DeepSeek has released Janus-Pro, an updated version of its multimodal model, Janus. The new model improves training strategies, data scaling, and model size, enhancing multimodal understanding and text-to-image generation.
Janus-Pro separates visual encoding for understanding and generation tasks, addressing stability and performance issues. The model also incorporates synthetic aesthetic data to enhance text-to-image generation, it also follows an autoregressive framework that separates visual encoding pathways for multimodal understanding and generation while maintaining a single transformer architecture. This design increases flexibility and reduces conflicts in the visual encoder’s roles, achieving competitive performance with task-specific models while keeping a unified structure.
Janus-Pro improves multimodal understanding and visual generation performance. Multimodal understanding is measured using the average accuracy of POPE, MME-Perception (scaled), GQA, and MMMU. Visual generation is evaluated on GenEval and DPG-Bench. Janus-Pro outperforms previous unified multimodal models and some task-specific models.

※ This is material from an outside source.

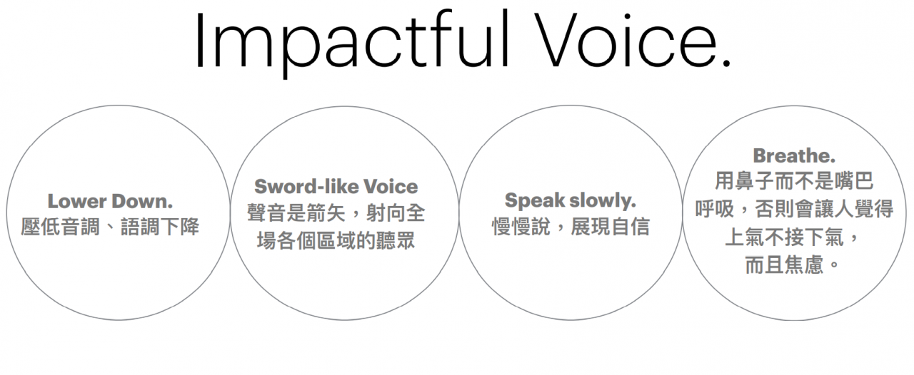 Olivia Cabane 寫作的《魅⼒學:無往不利的⾃我經營術》(是我非常喜歡的一本書,當中提到 4 項具有影像⼒的聲⾳展現技術分別為: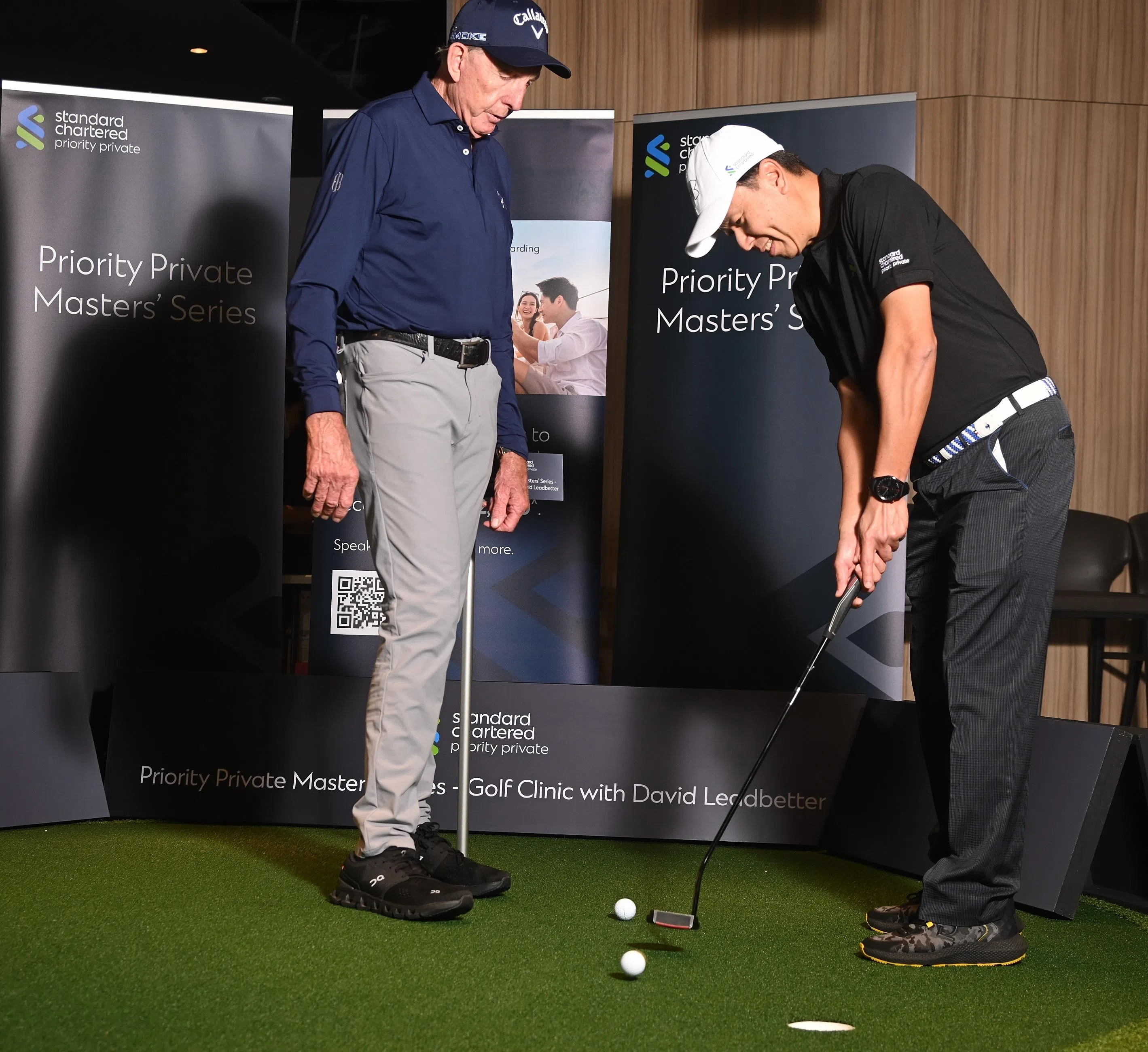 David Leadbetter (left) conducting a closed-door golf clinic organised by Standard Chartered Bank at Marina Square on Oct 25.

The model is based on DeepSeek-LLM-1.5B and DeepSeek-LLM-7B. The larger model performs better on benchmarks like MMBench and GenEval. It uses SigLIP-L as its vision encoder and supports 384×384 image inputs. Image generation relies on a tokenizer with a downsampling rate of 16.
DeepSeek’s Janus-Pro-7B and OpenAI’s DALL-E 3 are both advanced models in text-to-image generation. According to DeepSeek, Janus-Pro-7B outperforms DALL-E 3 in benchmarks such as GenEval and DPG-Bench. This performance is attributed to Janus-Pro-7B’s improved training processes, data quality, and model size, which contribute to more stable and detailed images.
The release of DeepSeek Janus has generated significant buzz and comments, Vedang Vatsa FRSA shared:
DeepSeek’s Janus-Pro-7B is here. Outperforms DALL-E 3 & Stable Diffusion on GenEval/DPG-Bench. Separates understanding/generation, scales data/models for stable image gen. Unified, flexible, cost-efficient. Open-source win!.
And, AI expert Huzaifa Shoukat posted:
DeepSeek’s new Janus Pro model is impressive. It’s a multimodal LLM that understands images and generates them too. The 1B model runs in the browser using WebGPU via Transformers.js.
Janus-Pro is available on GitHub under the MIT License, with model usage governed by the DeepSeek Model License. Users can refer to the repository for setup instructions.